7. Buy your kids long trunks or long-sleeved swimsuits to give them more protection in the water. Even then, it is advisable to limit them to 30-60minutes at a time and then taking them back in the shade.

8. It is also important to remember to protect eyes against the sun. Remember to get your children (and yourself) sunglasses with certified UV protection.

9. The sunlight is strongest between 11am and 3pm so it is best to avoid playing or swimming in the direct sunlight between these times. As they say in Australia “Between eleven and three, hide under a tree”.

10. Consider playing in shaded areas or – do what the locals do – Siesta! A little midday nap would also help you feel refreshed throughout your holidays.

A guide to sunscreen shopping:

When choosing a sunscreen, make sure you check the UVA start rating as well as the SPF (sun protection factor). Ultraviolet (UV) radiation from the sun is transmitted in 3 forms UVA, UVB and UVC.

UVC radiation cannot penetrate the earth’s atmosphere and so does not reach our skin. Therefore, we only need to protect our skin from UVA and UVB.

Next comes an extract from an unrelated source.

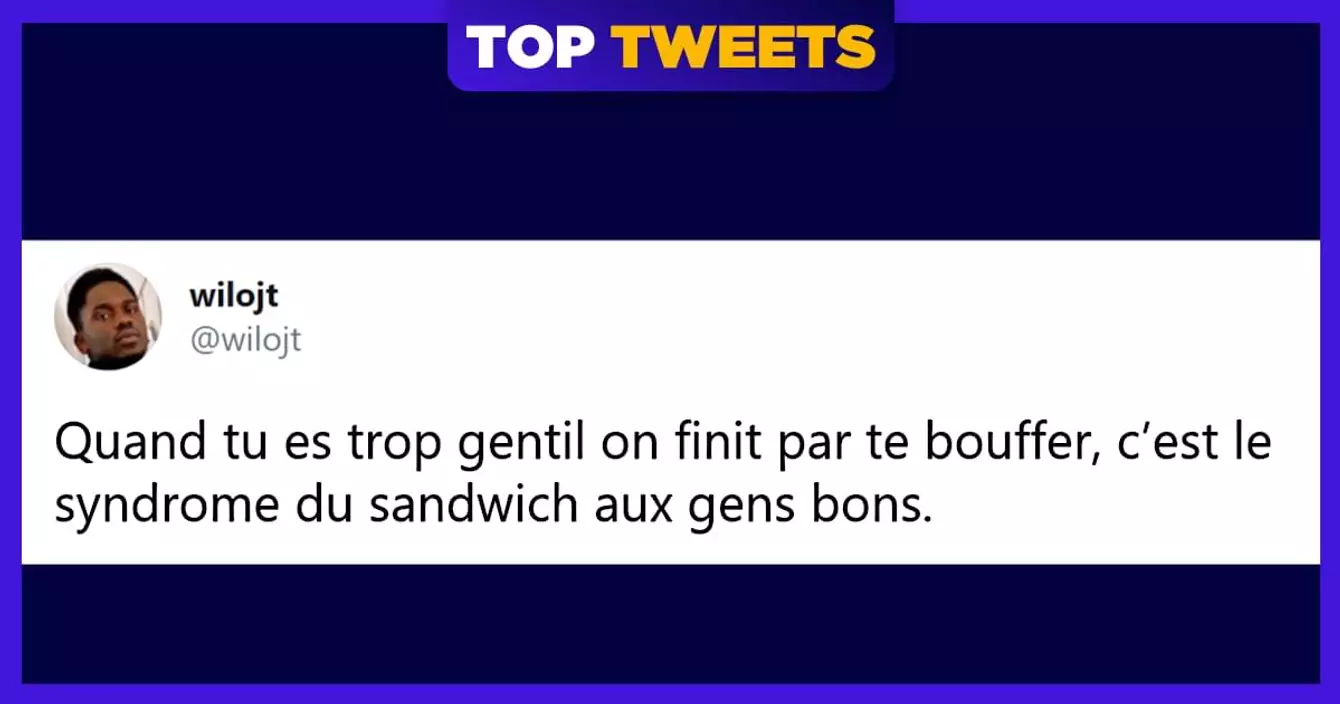 Quand t'as la dalle et que t'as la flemme (genre vraiment la flemme, genre même pas le temps pour faire des pâtes), le meilleur plat c'est le sandwich. Rien de plus simple : du pain et des trucs dedans. Charcuterie, poulet, légumes, thon, saumon, mayo, beurre, clous de girofle, PQ, télé 4K, lampe de chevet… tu peux vraiment mettre TOUT ce qui te passe par la tête dans un sandwich. Finalement, c'est le plat parfait et il mérite bien son top tweets. Même le club sandwich d'aire d'autoroute.

In general, UVA is the one associated with skin ageing – which gives you wrinkles, leathery skin and brown spots, and UVB is the one that causes sunburn and skin cancer.

When you buy sunscreen, it will be labelled with a SPF and a UVA star rating. The SPF is on a scale of 6 to 50+ with SPF 6 to 14 providing the least amount of protection against burning and skin cancer, and 50+ having the strongest protection from UVB.

The UVA star rating ranges from 0 to 5. The British Association of Dermatologists (www.BAD.org.uk) recommends using a sunscreen with SPF 30 and a UVA star rating of 4 to 5 as a good level of protection.

If you are going to swim in the sun, it is also important that the sunscreen you use is labelled as water-resistant so it does not wash off easily. However, you will still need to reapply it after bathing to ensure you have adequate protection throughout the day.